Das Land begeht erstmals seit der Reichsgründung von 1871 das Osterfest unter Quarantäne; Gottesdienst, Cafébesuch und das Betreten von Spielplatz und Sportanlage sind bei Strafe verboten. Auch nach Ostern müssen die meisten Produktionsbetriebe und Einzelhandelsgeschäfte geschlossen bleiben. Angela Merkels Politik der Kontaktsperre besitzt bis heute kein Verfallsdatum. Das Licht am Ende des Tunnels hat sie bis heute nicht angezündet.

Letzteres ruft nun Armin Laschet auf den Plan. Der nordrhein-westfälische Ministerpräsident, der sich CDU-intern um die Merkel-Nachfolge bewirbt, nutzt das Zögern der Kanzlerin für einen kalkulierten Anschlag auf ihre Autorität. „Denkverbote nützen niemandem“, sagt er im heutigen „Handelsblatt“.

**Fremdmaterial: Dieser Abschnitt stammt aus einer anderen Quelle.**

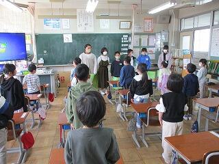 6年生が、1年生を迎える会を企画して、5校時に、こおりおにをして遊んだり、手作りのコマをプレゼントしてくれたりしました。1年生から「6年生が卒業するときには、自分たちも何かしてあげたい。」という話が出て、びっくりするとともに、とても微笑ましく思いました。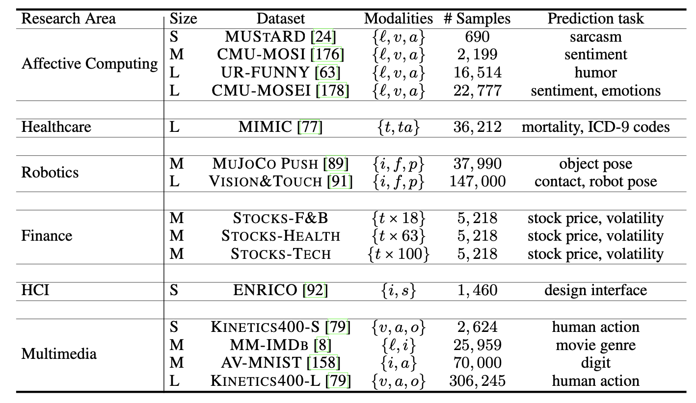- 多媒体:AV-MNIST、MM-IMDb、Kinetics-S、Kinetics-L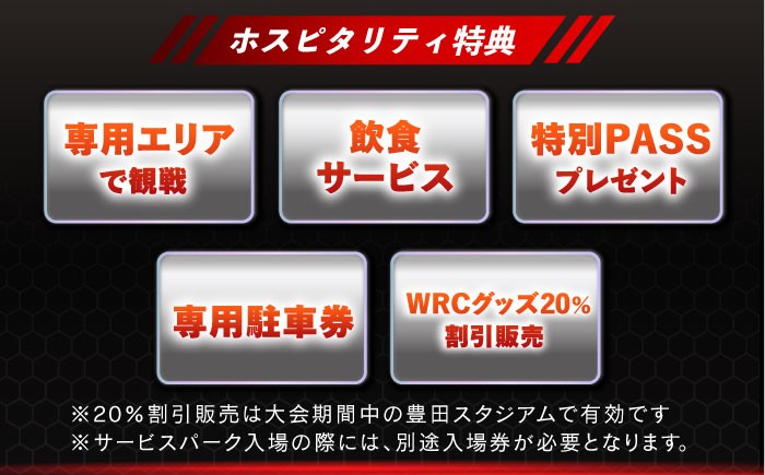 ・大会期間中に豊田スタジアムでのWRCグッズ20%割引販売(ラリージャパン公式グッズは対象外)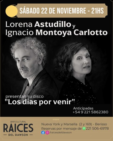 2025/11/22 Astudillo & Montoya Carlotto presentan “Los días por venir” en Berisso 2025/11/23 Cantamos a Mercedes Sosa en el Auditorio Nacional del Palacio Libertad 2025/11/24 Cantamos a Mercedes Sosa en el Auditorio Nacional del Palacio Libertad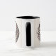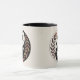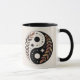 This mug features a digital yin-yang symbol illustration with a celestial and botanical theme. The left side (yang) is white with a black circle in the center amid stars, while the right side (yin) is black with a white circle in the center also amid stars. Both sides feature decorative leaf patterns in earthy tones of brown, rust and olive green. The leaves are arranged in curved branches that wrap around the circular design. The stars are depicted in a minimalist style with sharp points, arranged in a circular pattern around the central circles. The background is a solid cream beige color. The design combines elements of traditional Asian philosophy with contemporary botanical and astronomical motifs. The mug is a black and white combo mug. The mug has a black glaze interior and handle. The mug is microwave and dishwasher safe.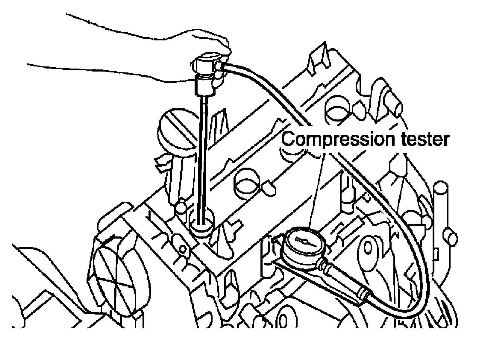 6) Install compression tester with an adapter into spark plug hole.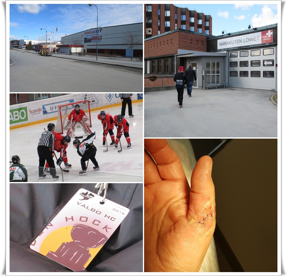 Tex kom upp på läkaren med tummen inlindad i papper och INGEN trodde honom fast samtidigt var det lite konstigt att han kom mitt i matchen. Han behövde verkligen sys 😮 Han skar sig på en skridsko i tummen.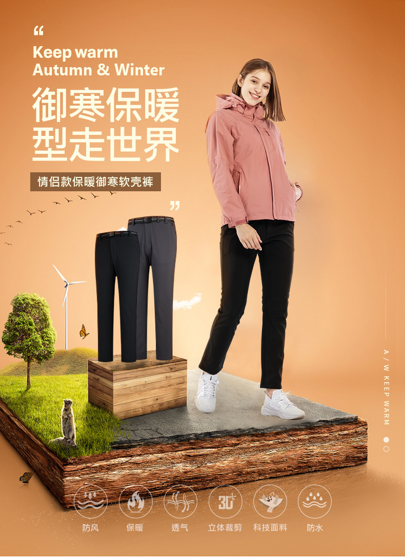 그룹 구매 Daifa 충전 소프트 쉘 바지 가을과 겨울 기모 두꺼운 남성과 여성의 방풍 캐주얼 바지 따뜻한 야외 등산 바지스토어 가기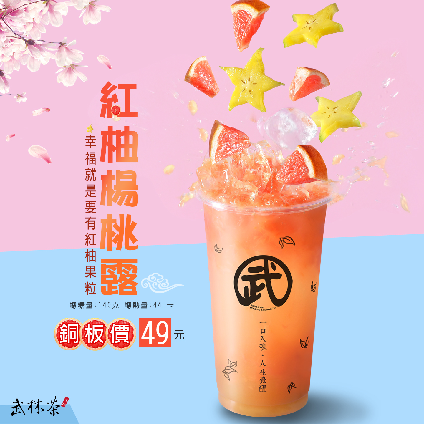 #紅柚楊桃露 #限時 #銅板價 小朋友才做選擇我都要~~!!! 天氣這麼熱 到底是要來一杯解渴的楊桃烏龍,還是要來一杯果粒多又清爽的凍頂紅鑽葡萄柚呢? 告訴你!不要再選了!小朋友才做選擇! 紅柚楊桃露 葡萄柚+楊桃釀一次都給你 還有更誇張的49元銅板價 開心了吧ーʕ⁰̈ʕ⁰̈ʔー還不趕快來喝爆她! 葡萄柚取肉厚工費時,數量有限售完為止! 特價僅此一檔錯過不在 #武林茶 #鮮泡 #人氣手搖飲 #現泡好茶 #果茶之王 #連鎖加盟 注意事項: 圖片僅供參考請以實物為準! 飲品熱量 紅柚楊桃露[L] 總糖量:140克 總熱量:445卡

Ob Armin Laschet die gewürfelten Fake-Zitate des Lasch-O-Mat wohl auch lustig findet? © dpa

Anders als Merkel, die am liebsten jetzt gar nicht über eine Wiedereröffnung der Volkswirtschaft sprechen möchte, auch um die Befolgung der eigenen Vorgaben nicht zu gefährden, zettelt Laschet genau diese Diskussion jetzt an:

► Angefeuert von seinem eigenen „Expertenrat Corona“ – dem der langjährige Richter am Bundesverfassungsgericht Udo Di Fabio, Michael Hüther vom Institut der deutschen Wirtschaft, die Unternehmerin Nicola Leibinger-Kammüller und Christiane Woopen, Humanmedizinerin und Vorsitzende des Europäischen Ethikrates angehören – plädiert Laschet dafür, über eine Lockerung des Shutdowns genau jetzt nachzudenken.

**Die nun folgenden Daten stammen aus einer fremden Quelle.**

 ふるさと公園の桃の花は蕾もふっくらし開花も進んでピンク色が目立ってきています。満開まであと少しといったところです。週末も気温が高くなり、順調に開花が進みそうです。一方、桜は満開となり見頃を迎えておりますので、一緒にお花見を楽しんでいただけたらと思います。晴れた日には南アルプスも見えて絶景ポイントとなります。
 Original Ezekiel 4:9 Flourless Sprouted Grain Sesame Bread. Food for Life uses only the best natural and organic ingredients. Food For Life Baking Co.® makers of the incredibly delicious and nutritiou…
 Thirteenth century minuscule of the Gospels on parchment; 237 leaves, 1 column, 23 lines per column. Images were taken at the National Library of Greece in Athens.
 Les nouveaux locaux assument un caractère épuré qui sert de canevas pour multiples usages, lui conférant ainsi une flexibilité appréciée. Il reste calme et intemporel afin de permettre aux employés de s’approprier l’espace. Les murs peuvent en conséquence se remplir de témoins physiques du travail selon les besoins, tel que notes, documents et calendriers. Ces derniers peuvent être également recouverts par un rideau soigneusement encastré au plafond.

► Im Gestus der Osterliturgie will er vor den Feiertagen ein Zeichen setzen: „Wir alle brauchen doch die Hoffnung und den Ausblick.“

Merkels Hinhaltetaktik hält er auch mit Blick auf die Wirtschaft, die mit Zielstrebigkeit in die größte Rezession der Nachkriegszeitzusteuert, für gefährlich:

Wir brauchen einen klaren Fahrplan, durch den das öffentliche und wirtschaftliche Leben wieder ins Laufen kommt.

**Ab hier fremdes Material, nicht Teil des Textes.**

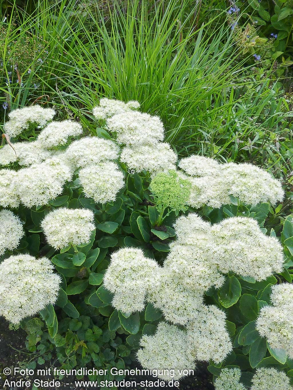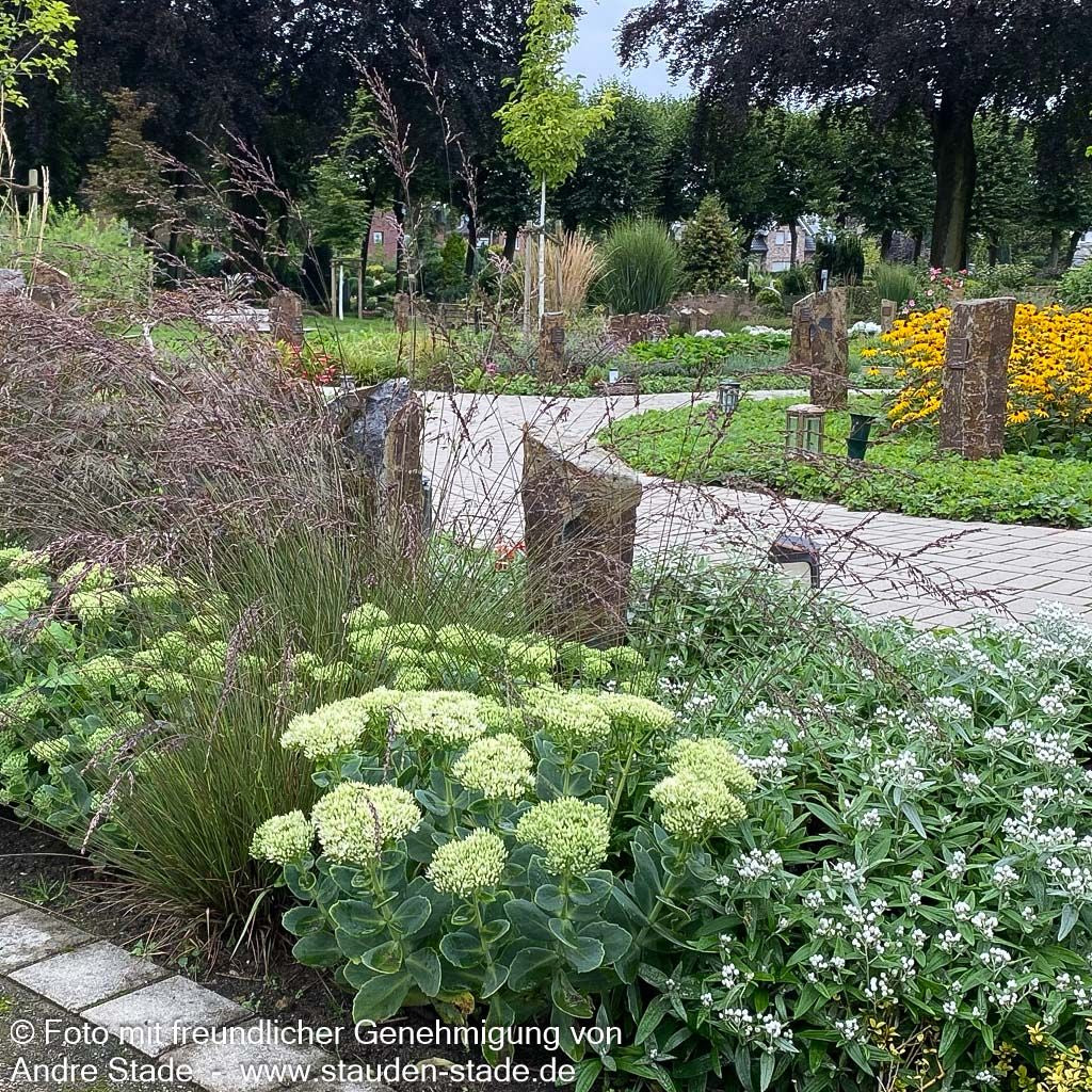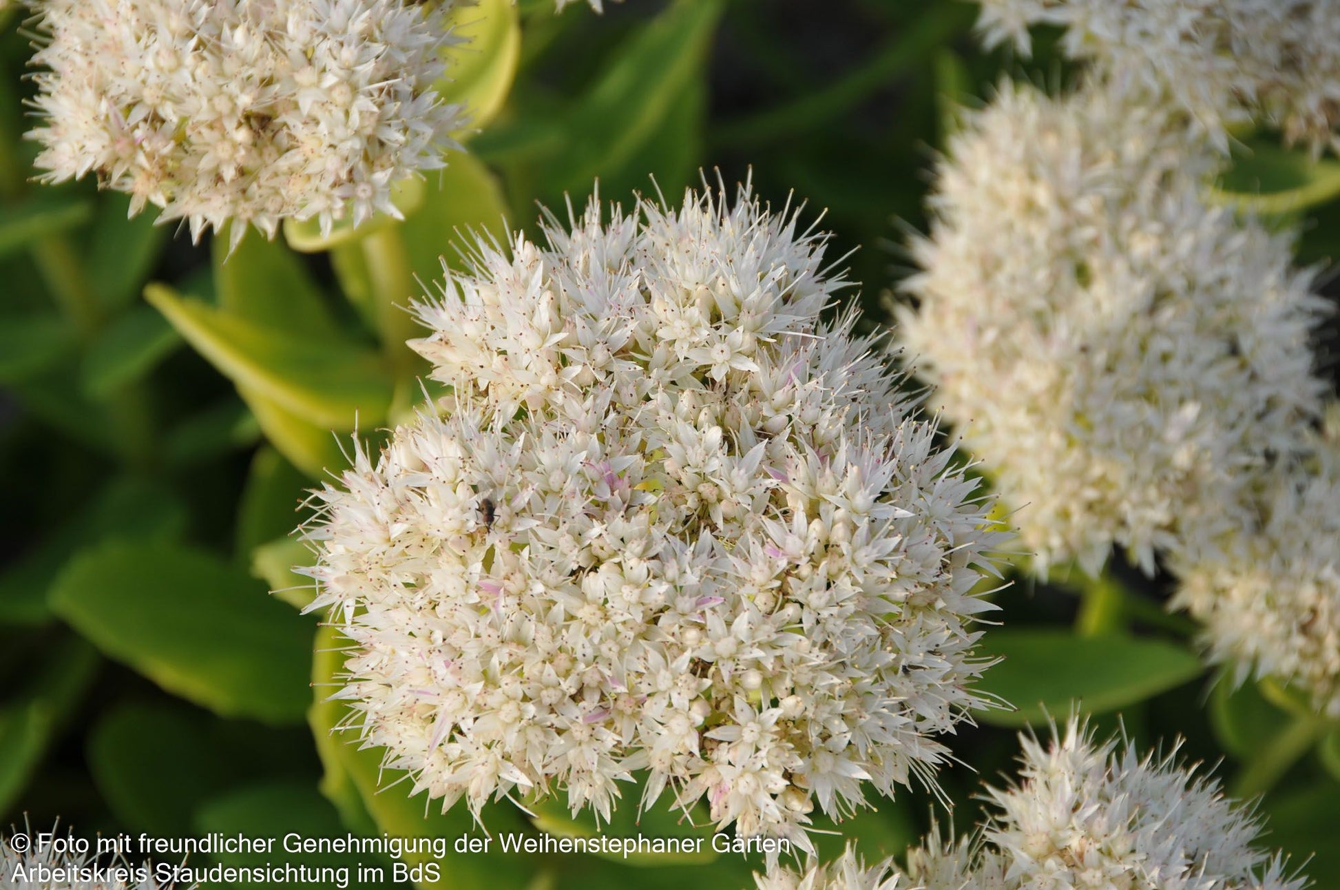 Die Prächtige Fetthenne (Sedum spectabile 'Stardust') ist eine außergewöhnliche Sorte, die als Staude des Jahres 2000 und Staude des Jahres 2011 doppelt ausgezeichnet wurde. Diese robuste Staude begeistert von August bis Oktober mit ihren strahlend weißen, einfachen Blüten, die eine Höhe von 30-40 cm erreichen. Das hell-grüne Laub bildet einen reizvollen Kontrast zu den leuchtenden Blütendolden und macht sie zur perfekten Insektennährpflanze. Diese buschig wachsende Sorte gedeiht optimal an sonnigen Standorten mit trockenen bis frischen Böden und ist bis -22°C winterhart. Als vielseitige Beetstaude eignet sie sich hervorragend für Steinanlagen, den Bauerngarten oder Schnittzwecke.

► Laschet nennt konkrete Beispiele, an welchen Stellen wirtschaftliche Normalität zuerst zurückkehren sollte:

In den Bäckereien erleben wir bereits, wie das Geschäft mit den richtigen Abstandsregeln weiter betrieben werden kann. Warum soll das nicht für kleine Einzelhandelsgeschäfte insgesamt gelten?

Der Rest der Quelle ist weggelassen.